これがあったりなかったりする金型がありますが、サポートピンが必要な金型というのは一般にどのような場合なのか?最適な長さはどの程度なのか?について今回は簡単ではありますが書いてみます。
可動側サポートピンを入れる金型とは?
可動側に入れるべき金型というのは、主にある程度長さのある製品に用いられます。例えば製品の大きさが350m x 80mmくらいの場合、モールドベースの大きさはざっくりと500mm x 250mmくらいになります。(構造により変わります)
こういった製品の場合だと長手方向の中央部は樹脂圧に押されて成形中に金型が中央にたわんでしまうわけです。
イメージ図は👇こんな感じです。
すると中央がたわんでしまうことでPLが開き、バリが発生してしまいます。それだけ樹脂圧の力は強大というわけです。
一般に射出成形加工では、スプルーが型板中心に配置されており、そこからランナーが分岐してゆきます。したがいまして、型板の中心部には大きなたわみが生じます。したがいまして、型板の中心部分を取り囲むような配置とするのが効果的な方法となります。 また、コアの真下に配置するのも有効ですが、エジェクターピンの配置との関係を十分に検討する必要があります。
※よほど可動ベースに厚みがあればたわむこともないかもしれませんが、金型設計は最適な厚みでしかまず設計しませんし、なにより異常な厚みのモールドベースを特注で発注すればコストがかかりすぎます。
サポートピンの長さは?
長さは金型を支えるわけですからスペーサーブロックよりも短いとなんの意味もありません。

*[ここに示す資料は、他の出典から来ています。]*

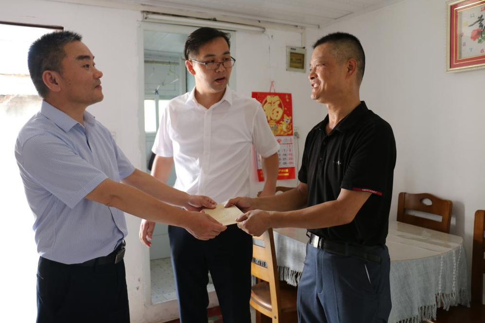 黨員們來到困難退伍老兵家中,與老兵親切交談,聆聽他講述軍旅故事,并且詳細了解他目前的身體狀況、生活情況,得知2015年他在家不慎跌倒導致腦溢血,加上高血壓需要長期服藥,生活相對困難。黨員們送上了防暑用品、生活用品及慰問金,感謝他所作的貢獻,同時囑咐要保持積極樂觀心態(tài),好好保重身體。
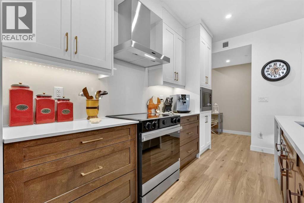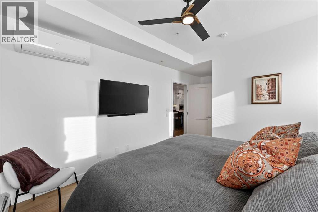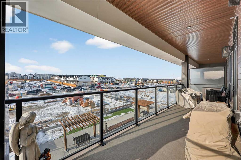 ** NEW LISTING ** Waterside Mahogany - Third Floor Corner Model "Atwood 3" with Courtyard Views - Quick Possession!! Unbelievable VALUE & DESIGN! This superb air-conditioned condo offers two bedrooms, two bathrooms, a titled indoor tandem parking stall (2 cars), extra tall windows, south exposure, a 160 SF covered balcony, and high 9' ceilings. Many Designer Value Added features ... Check and Compare; 974 RMS sq. ft. of luxurious living space. Loaded with extras... Luxury wide plank engineered flooring, upgraded lighting and plumbing fixtures, dual pane Low-E windows, wide patio door, modern white painted casings, doors & baseboards, white decora light switches, convenient laundry with storage & stacked washer/dryer. High-end stainless steel appliance package: fridge with freezer below, built-in microwave, smooth top electric cooktop, and quiet Energy Star-rated tall tub dishwasher. Upgraded Kitchen cabinets with tall upper doors + soft-close drawers + extra floor cabinets + mouldings with under-cabinet lighting, white quartz island countertops, undermount dual-basin stainless steel sink, full-height quartz backsplash, pull-out kitchen faucet, dramatic centre island with waterfall ends, flush eating bar, and room to sit 4. BONUS features: California closet built-in canisters, electric fireplace, and assigned storage locker! BUILDING INFO: latest in acoustic attenuation technology, including Sonopan panelling, combined with real-world testing to achieve best-in-class results. Acoustic Shield 2.0 helps create a calm, peaceful environment where life’s best moments thrive, because every home deserves comfort and connection without the noise. ERV - Advanced Ventilation System - This energy-efficient technology is designed to draw fresh air from outside, filter it, warm it (as needed), and circulate clean air into your home, exhausting the old. In every individual condo. Plus, a supersized front foyer and private entry! Mahogany is Calgary’s premier four-season lake commu nity, centred around a stunning 63-acre freshwater lake and 22 acres of private beachfront. Residents enjoy exclusive access to swimming, kayaking, paddleboarding, fishing, skating, and year-round community events, all just steps from home. The award-winning Mahogany Beach Club offers recreation facilities, picnic areas, fire pits, playgrounds, and gathering spaces designed to bring neighbours together. Winding pathways, parks, and wetlands create a welcoming outdoor lifestyle, while nearby schools, transit, and major roadways provide everyday convenience. At the heart of the community, Mahogany Village Market features grocery, dining, cafés, fitness, and professional services—making it easy to live, work, and play close to home. Thoughtfully designed streetscapes, diverse housing options, and a strong sense of community make Mahogany one of Calgary’s most desirable places to live. (id:6769)
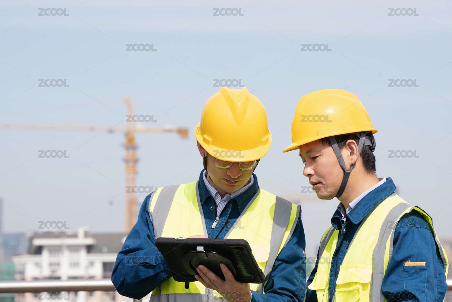 戴安全帽、護目鏡、口罩的工程師低頭看圖紙
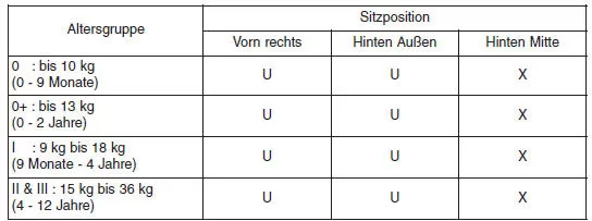 U : Geeignet für Rückhaltesysteme der Kategorie "Universal", die für die Verwendung in dieser Gruppe zugelassen sind
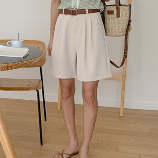 잇진 여성 벨트 세트 A라인 핀턱 4부 버뮤다 팬츠 반바지
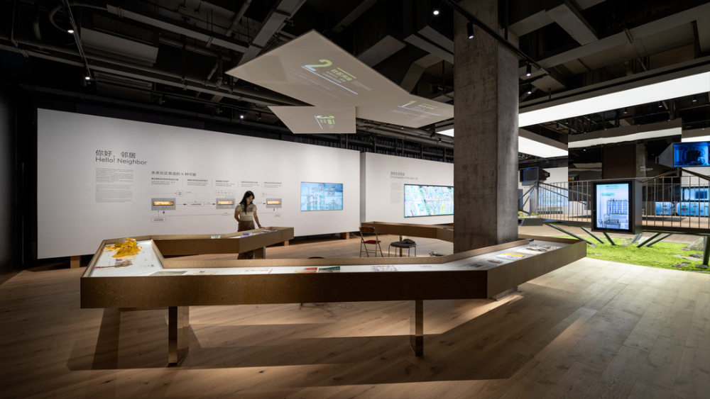 “未来的新新所展厅,对外呈现出一种十分开放的姿态,内部则像一个活跃多元的‘能量场’。空间中应该有无限的可能性,具有一套灵活的空间操作机制。它以讲述万科未来城市探索计划、理想之地社区为基本命题,同时,以开放的格局链接更广泛的资源,并有一套为之量身设计的引入和迭代机制。它聚焦未来社区、理想栖居的叙事主题,但不搞学术研究或科幻大片,反之以更亲人和贴近社区的视角,鼓励探索参与、链接新技术、注重场景体验。最终,我们无法再用‘展厅’来定义它,它将是一个新的社区叙事,一种新的‘空间物种’。”——这是直径叙事在概念设计时对新新所的首次勾勒想象。当项目完成后再回头审视这段话,也许并未百分之百达到最初设想,但我们仍然对此次的社区策展探索感到收获满满。
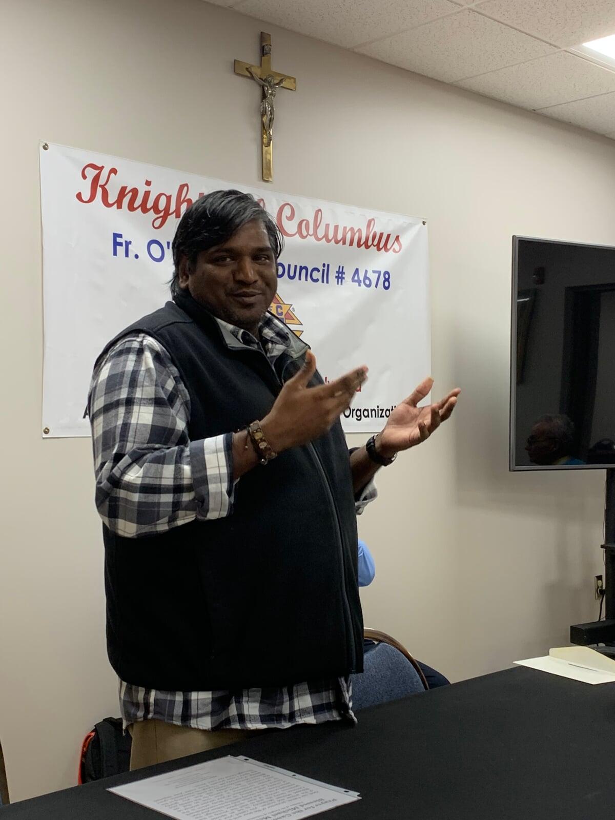 Mark Weakland, a current member of our Council, informs the Council of the work of FOCUS. FOCUS stands for Fellowship of Catholic University Students. FOCUS places individuals at college campuses to evangelize to university students because over 80% of Catholics are reported to lose their faith while in college. FOCUS helps to provide an opportunity and environment for catholic college students to not lose but continue to realize and grow in their faith. FOCUS employees, such as Mark, must raise their own salary. Please contact Mark to learn more at mark.weakland@focus.org .

かといって1ミリも2ミリも長ければ取付板のほうがたわんでしまいます。
最適なサポートピンの長さは大体スペーサーブロックの+0.1~0.2mm程度です。
最適な配置は?
配置に関しましては製品により様々ですが、中央に1本立てる場合から中央を囲むようにひし形に4本立てる場合、縦に2本もしくは3本立てる場合などがあります。
ミスミの引用画像にもある通り、あくまで中央を支えることから始まり、必要であればそこから付け足していくというイメージになります。効果的でない配置方法のように中央をがら空きにしてサポートピンを立てても何も意味がないです。効果的な配置としてひし形に立てる図がありますが、これもそれぞれに距離が空きすぎていては意味がないのでひし形なら良いというわけではなく、中央部を支えることを第一に配置しなければいけません。
まとめ
まとめです。
- サポートピン(サポートピラー)は可動側中央のたわみを防ぐために使用する
- 長さはスペーサーブロックよりも0.1~0.2mm長い程度
- 配置は製品によるが金型中央から配置させていくこと
以上、こんなところです。
金型の中には大きな金型に多いですが可動側のベースは薄くして、サポートピンを沢山たててあるのもありますね。